Re: i18n comments on Polyglot Markup from Maciej Stachowiak on 2010-07-15 (public-html@w3.org from July 2010)

From: Maciej Stachowiak <mjs@apple.com>
Date: Thu, 15 Jul 2010 13:33:58 -0700
To: Richard Ishida <ishida@w3.org>
Cc: 'Sam Ruby' <rubys@intertwingly.net>, 'Leif Halvard Silli' <xn--mlform-iua@xn--mlform-iua.no>, 'Anne van Kesteren' <annevk@opera.com>, public-html@w3.org
Message-id: <AC8623B9-FF5E-4AC4-AEB8-ED92F749F1F6@apple.com>

On Jul 15, 2010, at 1:01 PM, Richard Ishida wrote:

> 
>> 
>> We could also go a different way entirely, and say that polyglot
>> documents are a subset of both HTML5 and XHTML5, and the subset that we
>> select is only utf-8.  I mention this as this is my personal
>> recommendation on the matter, but I can live either of the other two
>> alternatives mentioned above.
> 
> While it would be wonderful to live in a world where only utf-8 encodings
> are allowed, I'm not sure we can do that.  I think we need to acknowledge
> that these are XML documents, and although we certainly constrain the
> vocabulary, I'm leery about messing with the right of people to use other
> encodings if they insist. 

The very nature of the Polyglot document is that it does not allow arbitrary XML, HTML or XHTML constructs - only those that can be used to generate documents that are conforming both ways and work sufficiently the same both ways. For the target audience of this spec, it seems likely that they will want to follow best practices, and so utf8 will be an acceptable constraint.

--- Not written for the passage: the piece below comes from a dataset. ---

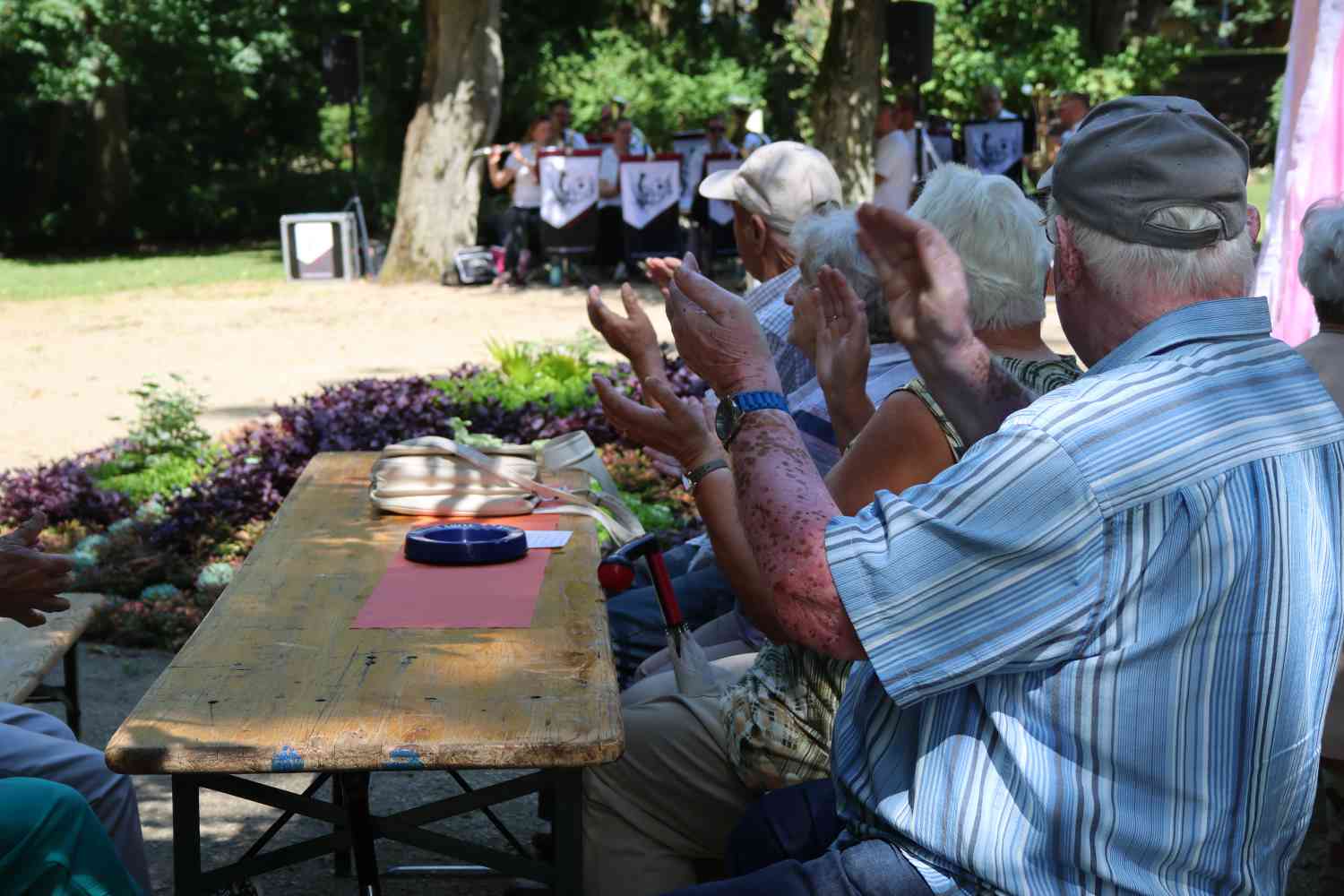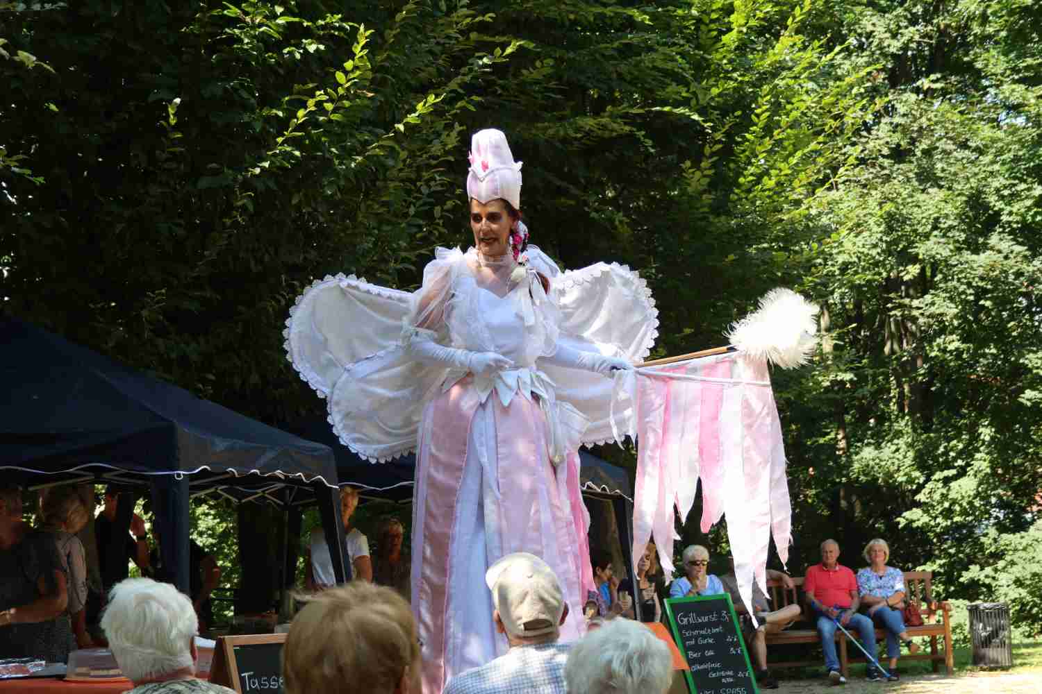 Am Teehäuschen sorgte das Jugendblasorchester Wiesenburg für Stimmung unter den meist älteren Besuchern. Diese hatten es sich im Schatten auf den Bänken bequem gemacht. Bei Kaffee und Kuchen aus Simones Café ließen sie es sich gut gehen und spendeten den Musikern kräftigen Applaus. Erstaunt, verwundert und begeistert nahmen die Gäste die Fee Ambrosia van Serpens auf. Auf Stelzen und mit dem sicher besten Überblick animierte sie die Gäste und zog anschließend mit Feenstaub und auf Stelzen quer durch den Park. Viele kannten sie bereits vom Blumenmarkt.

I am not informed enough to have an opinion on the underlying technical merits overall, but I will mention a few things from implementation experience with this stuff:

- the behavior of <meta charset=utf16> in text/html (in that it will never switch you to utf-16 encoding unless you were already using it) is quite confusing; it certainly surprised me when I first learned about it years ago
- charset encodings that are not an ASCII superset (where ASCII characters appear as the same single byte they are in ASCII) can be problematic to handle, and can also lead to security problems when content authors do filtering in a way that assumes ASCII.

Regards,
Maciej

Received on Thursday, 15 July 2010 20:34:38 UTC